Time Shift-The Kneale Tapes- Nigel Kneale (2003)

Way too brief look at the life and work of writer Nigel Kneale who changed television programs and the notions of science fiction in the 1950's and 60's.

Kneale started out writing short stories set on his Isle of Man. His publisher wanted him to follow it up with a novel, Kneale wanted to try and write for the infant television.

His fame came when the BBC had a program go belly up and they needed something to fill the slot, so Kneale pitched the idea for the Quatermass Experiment. It was a radical departure from anything on TV at the time. Here was a show that was more than what the BBC was doing at the time, which was essentially Radio with pictures. In one huge move Kneale changed the face of television by using the medium as best as possible and by presenting adult heroes for adults.

The show was a huge success and the film got lots of attention for it's mixing of horror and science fiction. Rarely had anything been done so graphically. The people and even the BBC were horrified. (The BBC wanted no part of Kneales monster so Kneale had to make the costume and the creature himself)

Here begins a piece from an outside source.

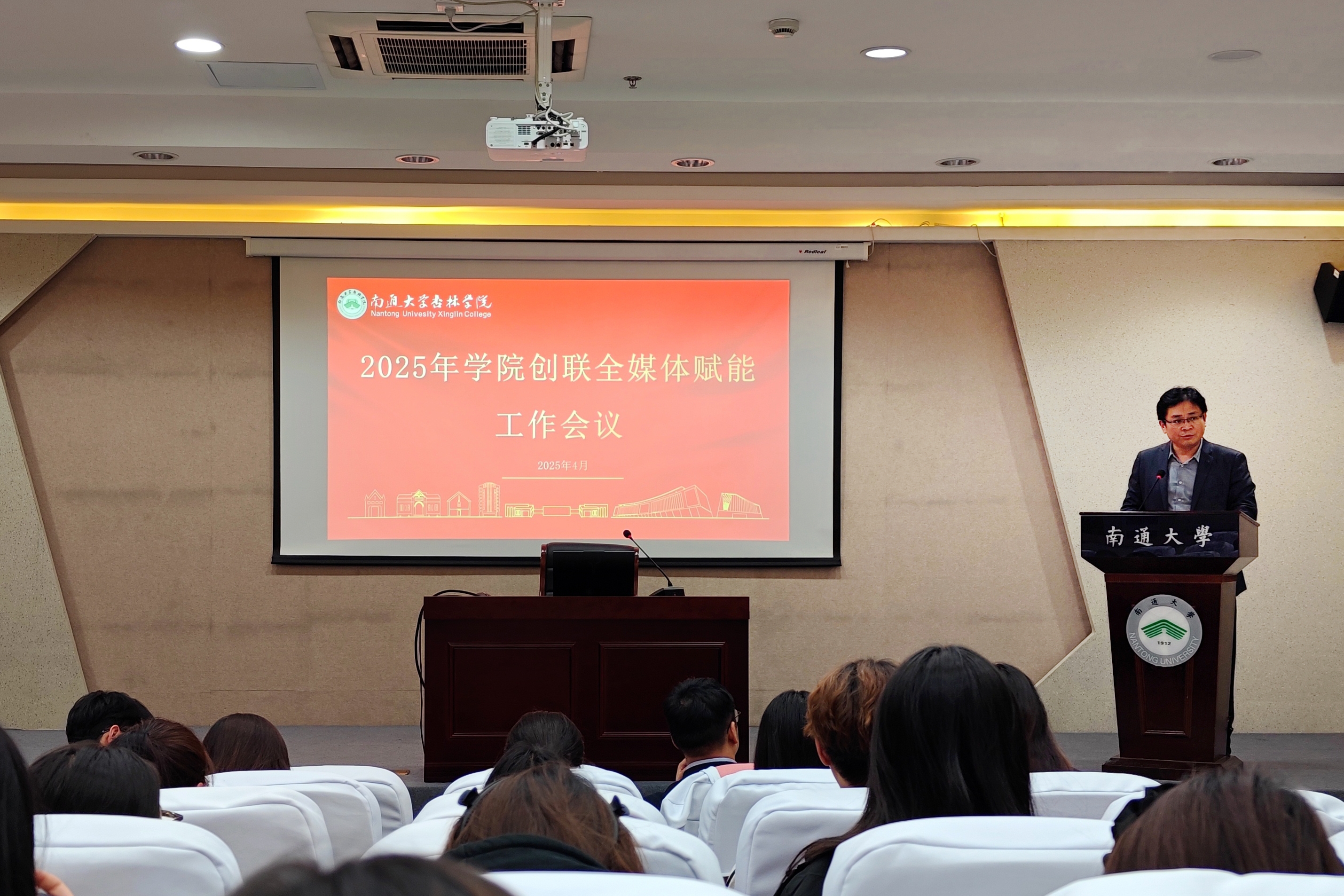 4月27日晚,我院在启东校区图书馆报告厅102会议室召开创联全媒体赋能工作会议。学院(管委会)副书记兼副院长陈龙出席会议并作工作部署。

From there Kneale went on to do an adaptation of 1984 that horrified the country, but had one big fan, the Queen.

The film uses a mix of clips, interviews with experts and with the man himself, to show that Kneale was working decades ahead of everyone else. We see how his Year of the Sex Olympics predates reality TV by a good thirty years. We also see how the stories of superstition and fantasy having a "real" basis gave birth to TV shows like The X-Files (Which tried to get him to write for it but was turned down).

This is a super little film about the man and his work. The only problem is that at 40 minutes it's way too short. Things blow by and we get only passing references to several stories he did. I understand that it was the limits of TV slot it was produced for, but at the same time here is a man who changed culture and he deserves more.

If you can find a copy this is definitely worth a look. I picked one up from a collector at a nostalgia show.

1 comment:

  1. Kneale was probably one of the most significant writers in the history of television. He was the first person to actually explore the boundaries of what could be done with the medium in terms of location filmed inserts and the sheer bumms on couches value of the cliff-hanger ending. Despite the fact that he apparently despised "Doctor Who", in many ways, he is as much responsible for it as the people who usually get the credit for creating it. He created the tropes that it uses and I suspect most current writers of it would cite his work as an influence.

    As an aside, the first serial was simply called "Quatermass". "The Quatermass Experiment" was a sequel made a year later followed the year after by, (for my money at least,) his magnum opus "Quatermass and the Pit".